1) An Adaptive Boundary and Semantic Composite Segmentation method (ABSCS) is proposed. It includes adaptively dividing and modifying the aerial images with the proposed principles and methods, using the deep learning method to semantic segment and preprocess the small divided pieces, using three traditional methods to segment and preprocess original-size aerial images, adaptively selecting traditional results to modify the boundaries of individual objects in deep learning results, and combining the results of different objects. It provides a new solution for the semantic segmentation of individual objects in large-size aerial images.
2) A merging and post-processing method is proposed, in which the problem of connection inconsistency and poor boundary effect in the results of the deep learning method can be modified by using the traditional results. This work also proposes a way to adaptively select the most appropriate traditional results from the results of three traditional methods according to the individual object situation.
3) Through experimental comparison on the common aerial images dataset AeroScapes, the ABSCS method shows advantages in both qualitative and quantitative results. Moreover, it can deal with some applications with specific needs. For example, completing point cloud segmentation and image inpainting when limited computing resources cannot handle deep learning models of a large size, but this size is needed to achieve a given performance.
The following part of this work is divided into the following parts: the entire process of the ABSCS method, an introduction to the choice of deep learning and traditional methods and their preprocessing, the steps of merging and post-processing deep learning results by traditional methods, as well as our experiments, applications, and conclusions.

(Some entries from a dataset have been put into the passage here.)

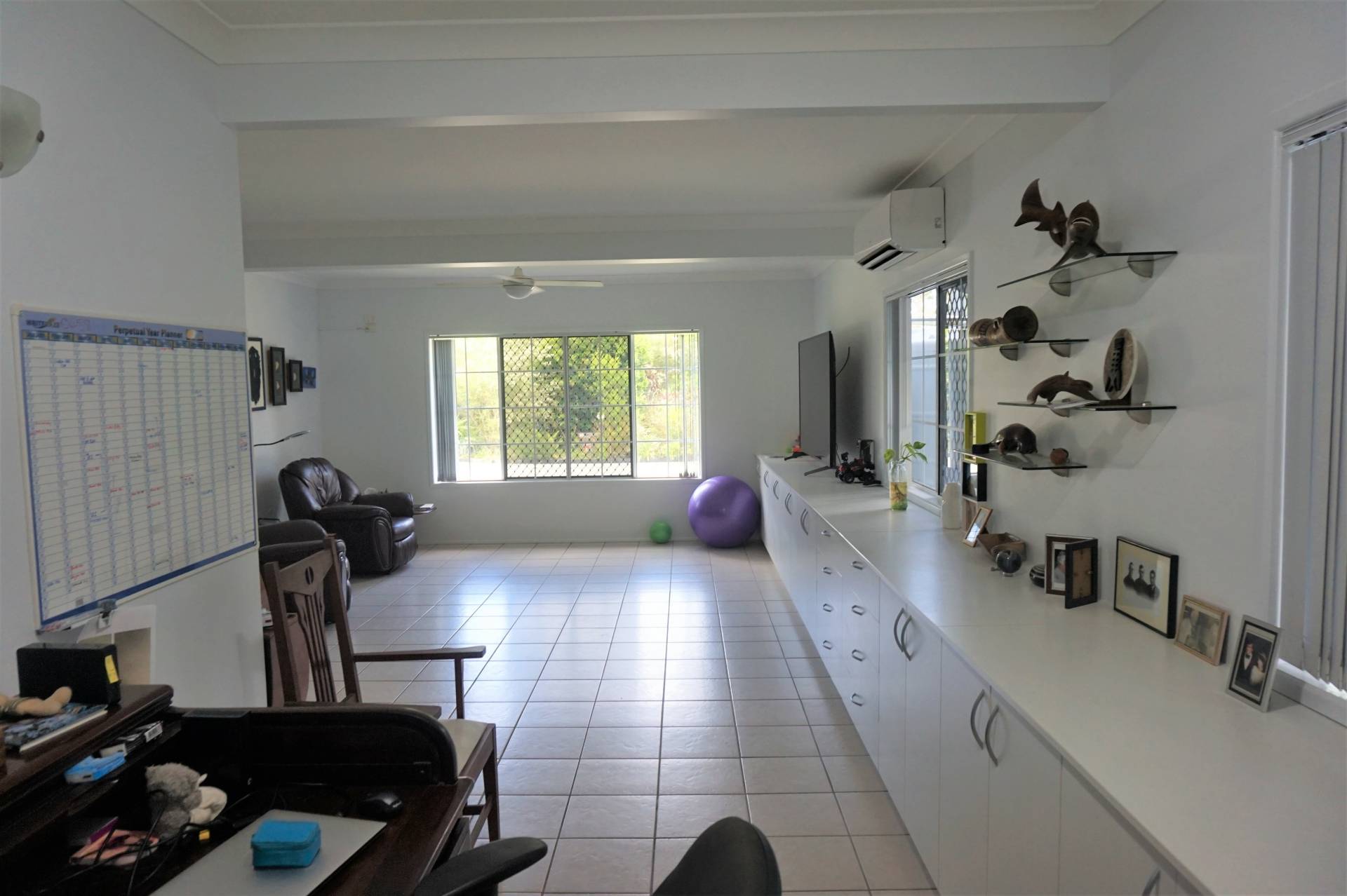 Its rare that a property comes up that ticks as many boxes as this does. This large family home has five, good size bedrooms. One of the bedrooms has been converted to an office but can easily convert back. Four of the bedrooms are located upstairs; main bedroom has ensuite, walk in robe and storage cupboard. There is also a trio bathroom on the same floor meaning separate bath with vanity, separate shower room, separate toilet and extra vanity in the exit area. The third bathroom is downstairs next to the fifth bedroom. On the lower level you will also find separate lounge, formal dining area, kitchen dining area and large air conditioned family room.
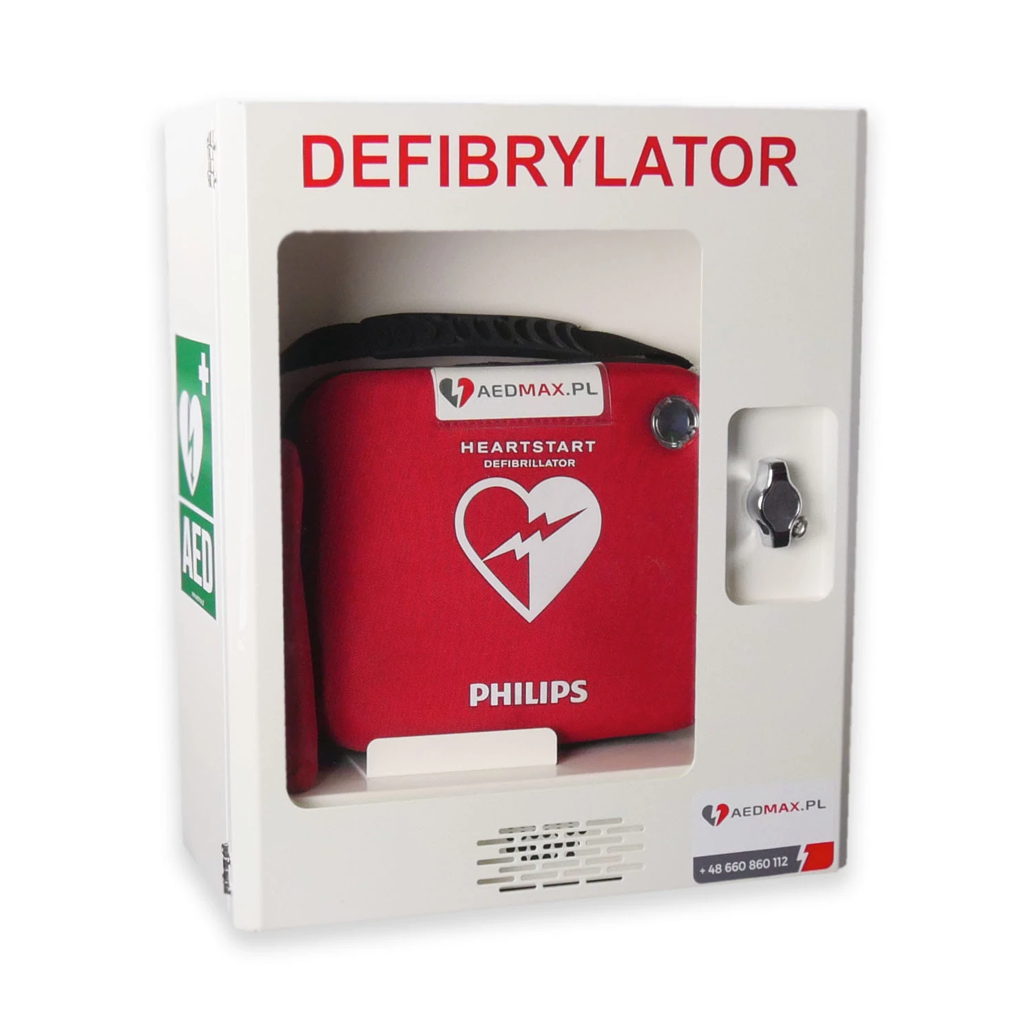Zastosowanie przeszklenia w drzwiach szafki umożliwia stałą kontrolę stanu defibrylatora bez konieczności wyjmowania go na zewnątrz. Dzięki temu rozwiązaniu można mieć pewność, że AED sygnalizuje prawidłowe działanie podzespołów i części zużywalnych, jak elektrody i bateria, i jest gotowy do pracy.
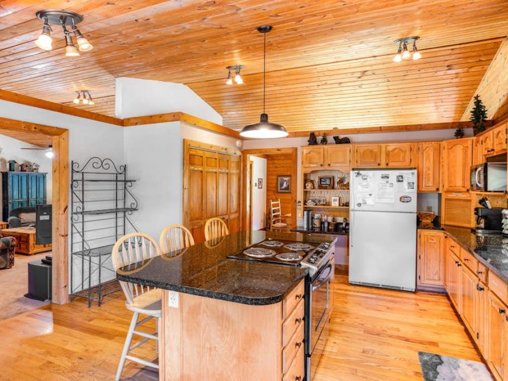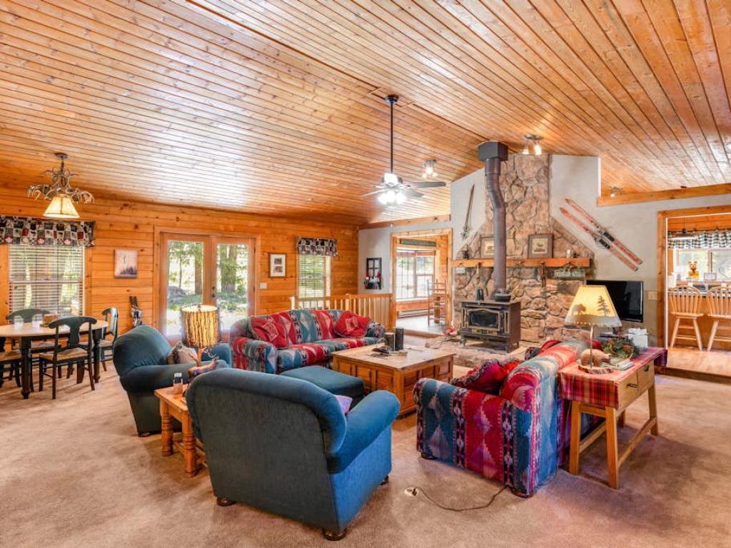 Head down to the lower level for entertainment options galore! Billiards, Ping Pong and Air Hockey will surely stir up some friendly competition. A wet bar with microwave, bar fridge and sink means you won’t have to go back upstairs for snacks and beverages. After having some fun around the game tables, retire to the adjacent Family Room with comfy sectional sofa, loveseat, and 75-inch flatscreen TV. The two bunk rooms reside on the lower level and share a hall bathroom.
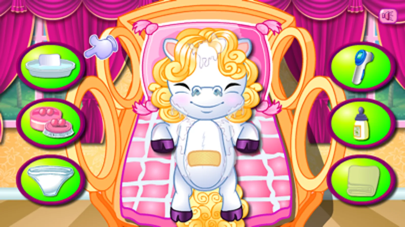 Congratulation it is a baby pony. Take care of baby pony. First check her weight. You are doing well. Now clean baby pony with soft cloth and warm water. Take soft cloth and gently clean baby pony’s nose, but remember don’t hurt her. Apply baby powder on baby pony. You are really good pony doctor. Now take diaper and change baby pony’s diaper. Just to take extra care please checks baby pony’s body temperature. Fantastic you did great job. Now check the baby’s body temperature. Take eye drop and put drops in baby pony’s eye.
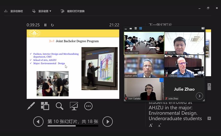 丁湘代表国际处向美方参会人员介绍了我校发展概况、办学特色与优势,以及近年来我校国际交流合作的总体情况,并详细介绍了我校与美国中密根大学开展的31合作办学本科教育项目及与美国加州大学河滨分校开展的31+X学生交流项目,同时对与美国阿克伦大学开展具体合作交流项目提出建议和展望。视频会上,材化学院副院长张峰君教授和环能学院李卫华教授分别代表各自学院介绍了学科发展概况以及在教学、科研、学术交流、人才培养等方面所取得的成绩,并对与美国阿克伦大学就科研合作与交流提出具体想法与建议。

Image semantic segmentation contains not only object recognition but also image segmentation. Deep learning methods have the advantages of object recognition, classification, and localization, while traditional methods can obtain good boundary division based on image feature information and can be directly applied to large-size aerial images. For a series of applications with high requirements for semantic segmentation of large aerial images, the advantages of both two kinds of methods are indispensable. Therefore, this work proposes an adaptive boundary and semantic composite segmentation method based on these two different mechanisms for individual objects in large-size aerial images.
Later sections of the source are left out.